- Exercise input:
________________________________________

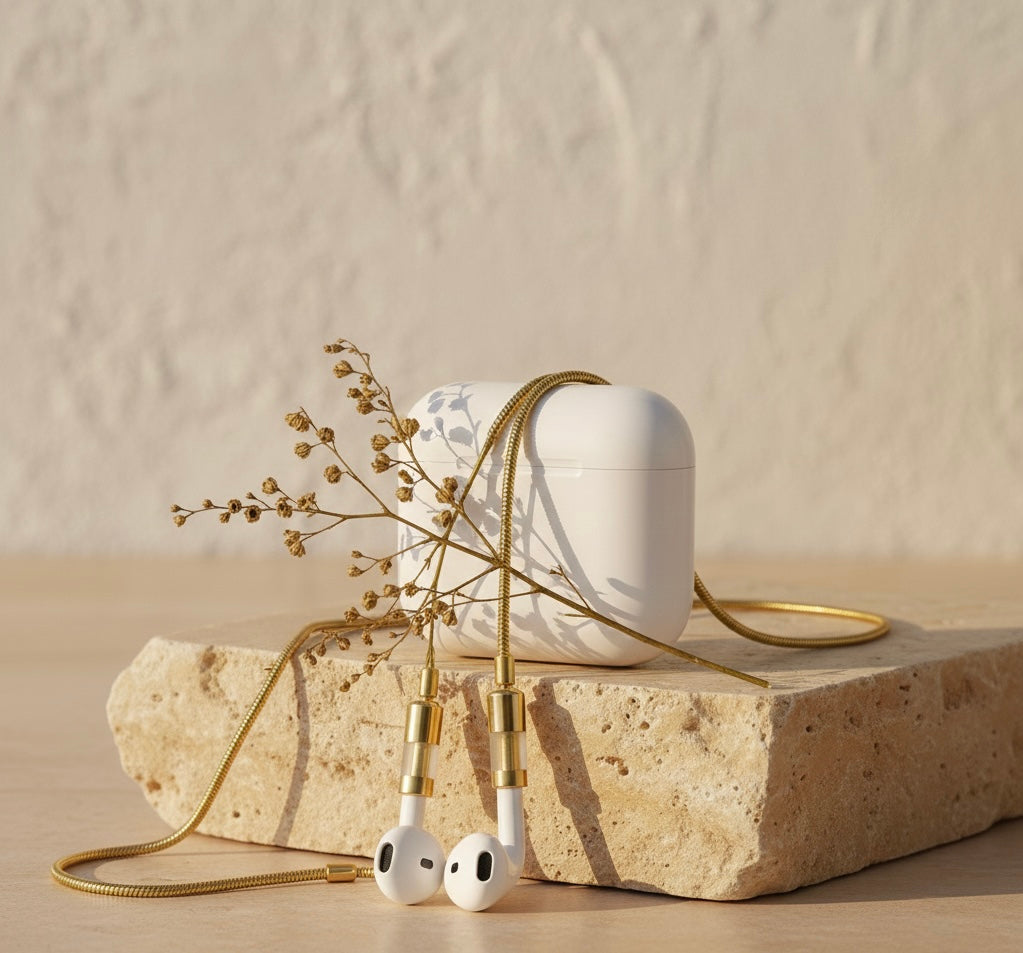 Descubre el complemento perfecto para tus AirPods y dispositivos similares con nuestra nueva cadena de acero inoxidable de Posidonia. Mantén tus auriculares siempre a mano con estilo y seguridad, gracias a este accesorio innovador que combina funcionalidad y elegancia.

________________________________________

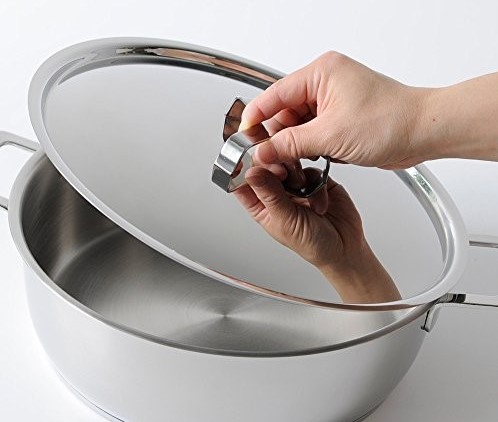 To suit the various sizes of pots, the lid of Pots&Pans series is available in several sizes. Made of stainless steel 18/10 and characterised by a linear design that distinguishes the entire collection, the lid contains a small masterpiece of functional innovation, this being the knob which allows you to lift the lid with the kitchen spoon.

________________________________________

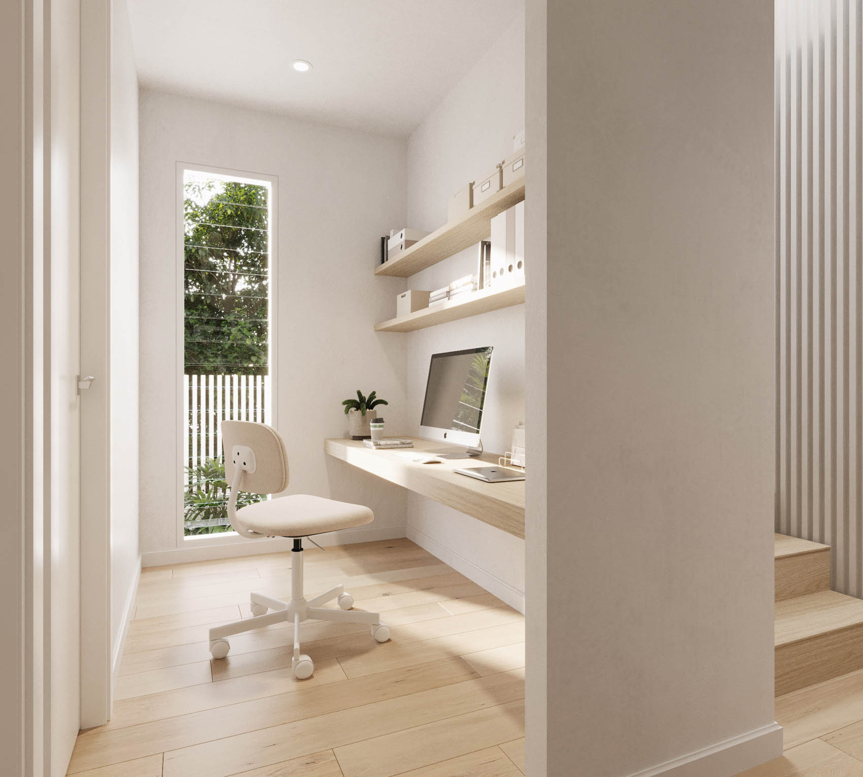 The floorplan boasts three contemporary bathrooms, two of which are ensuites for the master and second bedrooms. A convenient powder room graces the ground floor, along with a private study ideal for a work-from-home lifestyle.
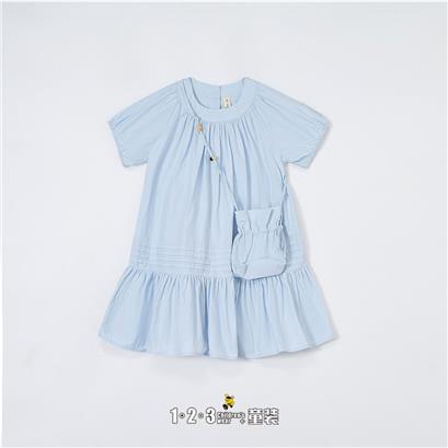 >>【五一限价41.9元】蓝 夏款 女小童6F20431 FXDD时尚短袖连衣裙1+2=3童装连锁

________________________________________

- Exercise prompt: Exactly reproduce the lines above, starting at the one that contains "The floorplan boasts" and ending at the one that contains "夏款 女小童6F20431 FXDD时尚短袖连衣裙1+2=3童装连锁", both inclusive; leave the pictures out and add no other lines.

- Written response:
 The floorplan boasts three contemporary bathrooms, two of which are ensuites for the master and second bedrooms. A convenient powder room graces the ground floor, along with a private study ideal for a work-from-home lifestyle.
 >>【五一限价41.9元】蓝 夏款 女小童6F20431 FXDD时尚短袖连衣裙1+2=3童装连锁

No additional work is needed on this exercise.